THE PROBLEM: Without including any pictures, write out the listing below exactly.

##### GIVEN MATERIAL

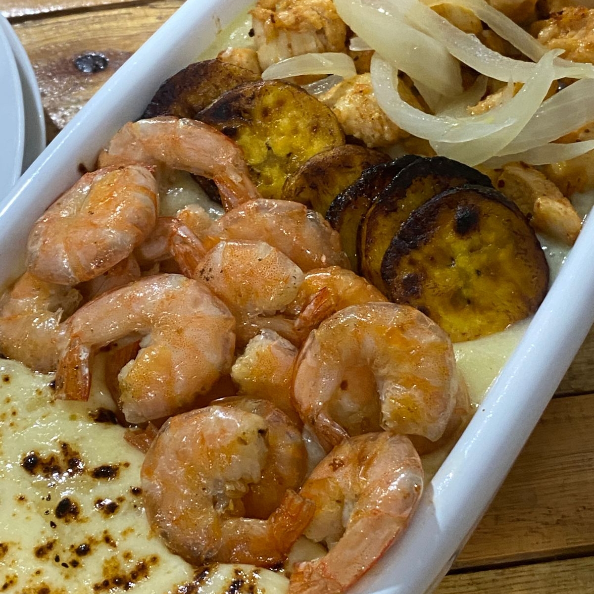 Pirão De Aipim Com Queijo Maçaricado, Banana Da Terra E Salada
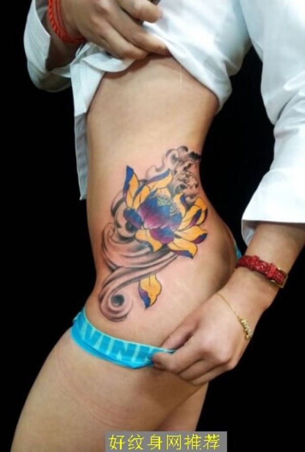 性感妖娆的腰部荷花纹身图腰部彩色荷花半甲纹_腰部纹身图案大全_纹身图吧
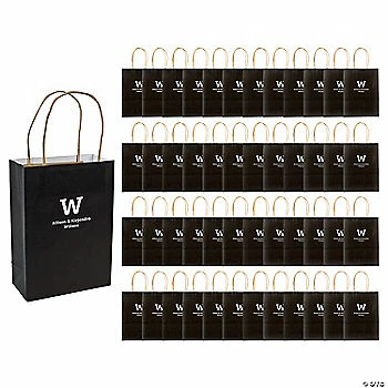 โข Easy Gift Wrapping: These sturdy gift bags are suitable for holding a variety of presents and come with easy-to-carry handles. They make wrapping any gift easy breezy!โข Say Thanks with Sweets: Are you looking for an easy way to thank the people in your life? These multipurpose bags filled with great snacks are a sweet way to spread appreciation among your wedding guests!โข Quality: These stylish gift bags are sure to make your present stand out from the pack. Just add some tissue paper for a beautiful gift presentation!Product Description:Create a unique gift bag for guests at your wedding reception or anniversary party with these pretty bags. These personalized kraft bags come in a variety of colors to go with any color scheme to match any celebration – even milestone birthdays. Best of all, they can be personalized with any message you choose. Perfect for handing out gifts to friends and family or to welcome out of towners with recommendations or local favorites. Printed with gold foil. Monogram with 1 character and 2 lines of text. ยฉ OTCSize: 6 1/2″ x 3″ x 9″ with 4″ handles.Quantity: 48 Pc.Material: Paper.

##########

EXERCISE RESULT:
 Pirão De Aipim Com Queijo Maçaricado, Banana Da Terra E Salada
 性感妖娆的腰部荷花纹身图腰部彩色荷花半甲纹_腰部纹身图案大全_纹身图吧
 โข Easy Gift Wrapping: These sturdy gift bags are suitable for holding a variety of presents and come with easy-to-carry handles. They make wrapping any gift easy breezy!โข Say Thanks with Sweets: Are you looking for an easy way to thank the people in your life? These multipurpose bags filled with great snacks are a sweet way to spread appreciation among your wedding guests!โข Quality: These stylish gift bags are sure to make your present stand out from the pack. Just add some tissue paper for a beautiful gift presentation!Product Description:Create a unique gift bag for guests at your wedding reception or anniversary party with these pretty bags. These personalized kraft bags come in a variety of colors to go with any color scheme to match any celebration – even milestone birthdays. Best of all, they can be personalized with any message you choose. Perfect for handing out gifts to friends and family or to welcome out of towners with recommendations or local favorites. Printed with gold foil. Monogram with 1 character and 2 lines of text. ยฉ OTCSize: 6 1/2″ x 3″ x 9″ with 4″ handles.Quantity: 48 Pc.Material: Paper.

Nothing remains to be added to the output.